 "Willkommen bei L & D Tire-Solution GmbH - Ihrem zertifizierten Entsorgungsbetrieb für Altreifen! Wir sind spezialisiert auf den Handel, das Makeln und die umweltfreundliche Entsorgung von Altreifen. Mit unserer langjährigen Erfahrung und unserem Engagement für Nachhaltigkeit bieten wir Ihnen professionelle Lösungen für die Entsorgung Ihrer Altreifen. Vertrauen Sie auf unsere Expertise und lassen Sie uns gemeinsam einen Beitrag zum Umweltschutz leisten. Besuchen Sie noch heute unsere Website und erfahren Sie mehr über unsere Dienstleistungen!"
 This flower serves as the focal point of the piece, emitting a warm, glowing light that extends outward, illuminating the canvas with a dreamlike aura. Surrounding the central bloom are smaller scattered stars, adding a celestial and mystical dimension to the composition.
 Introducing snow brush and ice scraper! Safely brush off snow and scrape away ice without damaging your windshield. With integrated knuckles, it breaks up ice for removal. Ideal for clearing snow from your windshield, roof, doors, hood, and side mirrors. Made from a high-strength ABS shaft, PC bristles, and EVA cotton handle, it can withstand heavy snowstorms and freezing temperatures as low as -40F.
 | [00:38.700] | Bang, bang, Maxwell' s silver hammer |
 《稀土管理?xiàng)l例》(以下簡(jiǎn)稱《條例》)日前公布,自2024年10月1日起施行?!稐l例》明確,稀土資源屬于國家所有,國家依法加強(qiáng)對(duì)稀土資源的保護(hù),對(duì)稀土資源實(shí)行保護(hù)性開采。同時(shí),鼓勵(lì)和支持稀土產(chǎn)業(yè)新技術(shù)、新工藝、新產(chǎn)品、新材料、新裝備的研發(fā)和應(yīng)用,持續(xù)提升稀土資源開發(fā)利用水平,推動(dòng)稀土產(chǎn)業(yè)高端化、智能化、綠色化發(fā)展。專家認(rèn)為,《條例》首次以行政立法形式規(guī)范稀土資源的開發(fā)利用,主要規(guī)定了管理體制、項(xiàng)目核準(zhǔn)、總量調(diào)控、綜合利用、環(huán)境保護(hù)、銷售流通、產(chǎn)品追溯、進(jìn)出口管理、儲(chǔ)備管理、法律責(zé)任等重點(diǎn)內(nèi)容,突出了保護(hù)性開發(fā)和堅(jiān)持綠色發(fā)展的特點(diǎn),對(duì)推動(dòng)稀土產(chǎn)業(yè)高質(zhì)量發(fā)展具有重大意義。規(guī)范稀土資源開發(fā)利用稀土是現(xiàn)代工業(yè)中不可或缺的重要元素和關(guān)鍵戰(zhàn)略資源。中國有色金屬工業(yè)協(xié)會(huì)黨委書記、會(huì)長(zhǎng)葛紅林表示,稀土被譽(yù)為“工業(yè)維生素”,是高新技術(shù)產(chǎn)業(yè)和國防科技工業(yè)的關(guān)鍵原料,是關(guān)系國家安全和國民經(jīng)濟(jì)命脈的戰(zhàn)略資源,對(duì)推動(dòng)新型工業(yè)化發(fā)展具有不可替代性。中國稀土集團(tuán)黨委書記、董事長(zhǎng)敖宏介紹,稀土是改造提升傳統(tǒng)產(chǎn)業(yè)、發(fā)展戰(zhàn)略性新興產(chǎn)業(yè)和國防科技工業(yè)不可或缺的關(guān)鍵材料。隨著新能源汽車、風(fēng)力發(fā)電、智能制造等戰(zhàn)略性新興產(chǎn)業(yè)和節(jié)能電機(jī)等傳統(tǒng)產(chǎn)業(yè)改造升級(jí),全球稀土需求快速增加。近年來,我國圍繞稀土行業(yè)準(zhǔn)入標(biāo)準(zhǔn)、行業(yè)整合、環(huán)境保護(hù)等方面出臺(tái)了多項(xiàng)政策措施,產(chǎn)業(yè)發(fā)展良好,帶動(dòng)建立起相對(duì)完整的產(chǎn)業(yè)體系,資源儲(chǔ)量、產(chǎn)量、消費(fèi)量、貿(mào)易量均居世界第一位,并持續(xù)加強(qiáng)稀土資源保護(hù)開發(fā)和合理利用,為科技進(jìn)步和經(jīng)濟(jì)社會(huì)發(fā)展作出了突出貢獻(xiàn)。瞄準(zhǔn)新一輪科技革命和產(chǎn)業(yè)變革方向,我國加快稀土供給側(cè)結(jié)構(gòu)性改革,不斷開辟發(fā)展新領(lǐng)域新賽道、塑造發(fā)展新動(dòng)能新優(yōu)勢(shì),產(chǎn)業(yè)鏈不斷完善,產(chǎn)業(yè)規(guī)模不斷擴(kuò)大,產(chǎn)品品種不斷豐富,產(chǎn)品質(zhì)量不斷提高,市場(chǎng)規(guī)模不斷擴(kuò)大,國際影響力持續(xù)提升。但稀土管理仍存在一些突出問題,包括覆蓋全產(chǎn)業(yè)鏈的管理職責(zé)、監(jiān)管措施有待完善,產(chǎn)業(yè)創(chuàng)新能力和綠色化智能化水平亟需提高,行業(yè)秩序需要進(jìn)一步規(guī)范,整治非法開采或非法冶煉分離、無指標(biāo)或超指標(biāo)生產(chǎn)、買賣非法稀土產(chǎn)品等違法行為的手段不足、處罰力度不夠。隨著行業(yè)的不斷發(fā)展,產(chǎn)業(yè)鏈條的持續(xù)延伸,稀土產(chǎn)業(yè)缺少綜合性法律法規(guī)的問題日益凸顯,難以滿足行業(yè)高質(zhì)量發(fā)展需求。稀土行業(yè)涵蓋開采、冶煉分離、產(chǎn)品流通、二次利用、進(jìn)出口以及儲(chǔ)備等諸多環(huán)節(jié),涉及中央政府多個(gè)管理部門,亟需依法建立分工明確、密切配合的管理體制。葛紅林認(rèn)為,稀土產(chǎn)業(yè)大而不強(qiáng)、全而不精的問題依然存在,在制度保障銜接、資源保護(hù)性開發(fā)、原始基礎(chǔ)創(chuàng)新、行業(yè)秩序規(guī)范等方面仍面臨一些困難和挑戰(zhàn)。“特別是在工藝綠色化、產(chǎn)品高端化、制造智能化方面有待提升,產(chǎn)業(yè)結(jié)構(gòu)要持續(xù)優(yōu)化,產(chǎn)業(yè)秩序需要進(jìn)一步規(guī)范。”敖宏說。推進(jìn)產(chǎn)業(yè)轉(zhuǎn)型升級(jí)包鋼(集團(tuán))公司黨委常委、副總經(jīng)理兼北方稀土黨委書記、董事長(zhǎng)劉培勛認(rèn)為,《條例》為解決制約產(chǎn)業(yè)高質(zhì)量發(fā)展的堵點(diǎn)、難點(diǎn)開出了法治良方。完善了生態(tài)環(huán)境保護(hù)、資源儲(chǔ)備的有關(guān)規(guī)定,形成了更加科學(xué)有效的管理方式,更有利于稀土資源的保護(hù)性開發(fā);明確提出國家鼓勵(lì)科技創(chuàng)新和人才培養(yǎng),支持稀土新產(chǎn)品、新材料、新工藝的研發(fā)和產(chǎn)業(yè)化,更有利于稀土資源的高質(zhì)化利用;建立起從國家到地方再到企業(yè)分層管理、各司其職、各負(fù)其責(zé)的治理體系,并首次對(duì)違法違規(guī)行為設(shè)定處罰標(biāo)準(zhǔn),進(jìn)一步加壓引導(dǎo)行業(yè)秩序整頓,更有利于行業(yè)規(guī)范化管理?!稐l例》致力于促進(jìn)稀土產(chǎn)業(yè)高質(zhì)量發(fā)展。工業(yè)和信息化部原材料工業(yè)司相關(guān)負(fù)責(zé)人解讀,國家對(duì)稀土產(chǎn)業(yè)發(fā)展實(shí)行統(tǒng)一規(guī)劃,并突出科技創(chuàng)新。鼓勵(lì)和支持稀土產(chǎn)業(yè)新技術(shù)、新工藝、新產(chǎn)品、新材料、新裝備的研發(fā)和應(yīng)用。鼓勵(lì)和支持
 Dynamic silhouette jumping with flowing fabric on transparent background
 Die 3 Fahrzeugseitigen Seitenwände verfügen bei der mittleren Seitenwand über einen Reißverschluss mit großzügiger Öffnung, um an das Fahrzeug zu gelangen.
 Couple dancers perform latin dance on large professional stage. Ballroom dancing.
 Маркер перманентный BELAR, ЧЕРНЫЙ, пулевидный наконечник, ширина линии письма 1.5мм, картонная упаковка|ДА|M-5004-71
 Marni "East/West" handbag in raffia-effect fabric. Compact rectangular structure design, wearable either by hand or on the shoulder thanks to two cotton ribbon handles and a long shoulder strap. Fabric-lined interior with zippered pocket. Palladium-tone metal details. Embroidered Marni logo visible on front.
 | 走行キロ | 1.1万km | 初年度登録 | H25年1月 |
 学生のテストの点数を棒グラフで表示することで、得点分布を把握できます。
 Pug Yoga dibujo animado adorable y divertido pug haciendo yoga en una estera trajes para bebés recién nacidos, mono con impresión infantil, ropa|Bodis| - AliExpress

+++++

* **What is needed**
From the first line of the listing above through the line that contains "silver hammer |", retype every line exactly, and write nothing else.

* **Result**
 "Willkommen bei L & D Tire-Solution GmbH - Ihrem zertifizierten Entsorgungsbetrieb für Altreifen! Wir sind spezialisiert auf den Handel, das Makeln und die umweltfreundliche Entsorgung von Altreifen. Mit unserer langjährigen Erfahrung und unserem Engagement für Nachhaltigkeit bieten wir Ihnen professionelle Lösungen für die Entsorgung Ihrer Altreifen. Vertrauen Sie auf unsere Expertise und lassen Sie uns gemeinsam einen Beitrag zum Umweltschutz leisten. Besuchen Sie noch heute unsere Website und erfahren Sie mehr über unsere Dienstleistungen!"
 This flower serves as the focal point of the piece, emitting a warm, glowing light that extends outward, illuminating the canvas with a dreamlike aura. Surrounding the central bloom are smaller scattered stars, adding a celestial and mystical dimension to the composition.
 Introducing snow brush and ice scraper! Safely brush off snow and scrape away ice without damaging your windshield. With integrated knuckles, it breaks up ice for removal. Ideal for clearing snow from your windshield, roof, doors, hood, and side mirrors. Made from a high-strength ABS shaft, PC bristles, and EVA cotton handle, it can withstand heavy snowstorms and freezing temperatures as low as -40F.
 | [00:38.700] | Bang, bang, Maxwell' s silver hammer |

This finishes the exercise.